### WORK ITEM
Locate every line in the material below that has the word "this". Copy each of those lines.

### MATERIAL SUPPLIED
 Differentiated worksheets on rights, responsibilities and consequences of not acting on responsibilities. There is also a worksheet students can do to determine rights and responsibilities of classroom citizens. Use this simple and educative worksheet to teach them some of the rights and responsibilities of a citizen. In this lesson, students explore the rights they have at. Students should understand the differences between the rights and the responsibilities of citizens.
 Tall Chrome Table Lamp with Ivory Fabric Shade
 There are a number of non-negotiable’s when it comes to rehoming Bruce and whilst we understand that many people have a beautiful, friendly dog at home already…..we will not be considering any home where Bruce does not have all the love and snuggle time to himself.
==
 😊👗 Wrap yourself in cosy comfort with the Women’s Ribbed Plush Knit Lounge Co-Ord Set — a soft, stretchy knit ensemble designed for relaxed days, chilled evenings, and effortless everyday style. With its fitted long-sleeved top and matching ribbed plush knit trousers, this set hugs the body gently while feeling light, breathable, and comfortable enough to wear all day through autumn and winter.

### EXERCISE RESULT
 Differentiated worksheets on rights, responsibilities and consequences of not acting on responsibilities. There is also a worksheet students can do to determine rights and responsibilities of classroom citizens. Use this simple and educative worksheet to teach them some of the rights and responsibilities of a citizen. In this lesson, students explore the rights they have at. Students should understand the differences between the rights and the responsibilities of citizens.
 😊👗 Wrap yourself in cosy comfort with the Women’s Ribbed Plush Knit Lounge Co-Ord Set — a soft, stretchy knit ensemble designed for relaxed days, chilled evenings, and effortless everyday style. With its fitted long-sleeved top and matching ribbed plush knit trousers, this set hugs the body gently while feeling light, breathable, and comfortable enough to wear all day through autumn and winter.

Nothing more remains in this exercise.